A curious baby pulled his face off of Patton’s shoulder and all remnants of upset on his features were quickly replaced by sheer happiness. Patton thought it would never get old, seeing Virgil’s eyes sparkle with such rare joy.
A lopsided grin stretched Logan’s lips as he pressed the stuffed dinosaur into the crook of Virgil’s arm. ‘There we are.’
The sweetest little squeak sounded as Virgil sat more upright on Patton’s lap and hugged the toy tightly, burying his face in its fur.
‘So much for not being little,’ Logan murmured lowly by Patton’s ear in an amused tone. The rumble of it resonated right through the moral side’s chest and left him dumbstruck.
‘Yeah,’ Patton breathed, not being able to think of anything much smarter to add.
oOo
Twenty minutes and a couple more episodes of Guess How Much I Love You later, Patton and Virgil (now with a pacifier) were being silly on the carpet. By being silly, they were quite literally just making funny faces at each other and then taking a minute’s break while they calmed down from all of the giggles and aching smiles than ensued.
Logan, being “not one for such tomfoolery”, was back to reading in the armchair. Though Patton had noticed that he was tending to spend more and more time on each page as he cast more and more glances over to the two on the carpet.

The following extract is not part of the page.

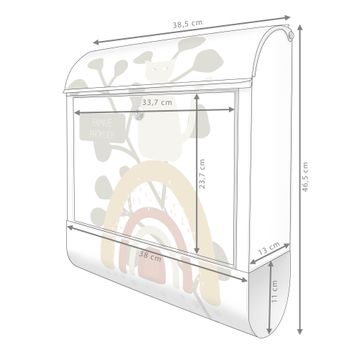 DESIGN: Der Postkasten mit Motiv Motiv Boho Katze Regenbogen hat ein sehr ansprechendes und ausgefallenes Design, damit entlocken Sie Ihren Nachbarn und dem Postboten ein Lächeln. Heben Sie Sich von der tristen grauen Masse ab, ohne auf Funktionalität zu verzichten. DETAILS: Der Postkasten besteht aus pulverbeschichtetem Stahl. Er ist 38x46x12,5cm groß. Das Motiv besteht aus einer wetter- und UV-resistenten Folie, die mit einem Schutzlaminat überzogen ist, sodass der Briefkasten zusätzlich vor Kratzern geschützt ist. Der Briefkasten wird mit Montagematerial, zusätzlich zwei Schlüssel sowie einer Bohrschablone geliefert. NUTZEN: Sie können diesen Briefkasten sowohl als Wandbriefkasten montieren oder einen passenden Ständer kaufen und als Standbriefkasten einbetonieren. Die Größe bietet genügend Platz für Sendungen aller Art, der Einwurf fasst auch größere A4 Sendungen. BANJADO: Ihr Briefkasten wird in Sachsen in einer kleinen Manufaktur von Hand veredelt. Die Motivfolie ist lösungsmittelfrei und schutzlaminiert für einen langen Halt. Wir legen großen Wert auf die Verbindung von Funktionalität und Design. Sie erhalten Handarbeit aus Sachsen.

It was quite evident that Logan was eager to take care of Virgil, and it was becoming more prominent every day. He was incredibly passionate about the idea when he had first discussed it with Patton nearly a month previously and had been damn near ecstatic when Virgil had agreed to the suggestion. Though, going by his timidity and shy glances when Patton was caring for Virgil around him, it seemed his nerves were getting the better of him. Well, Patton couldn’t have that at all.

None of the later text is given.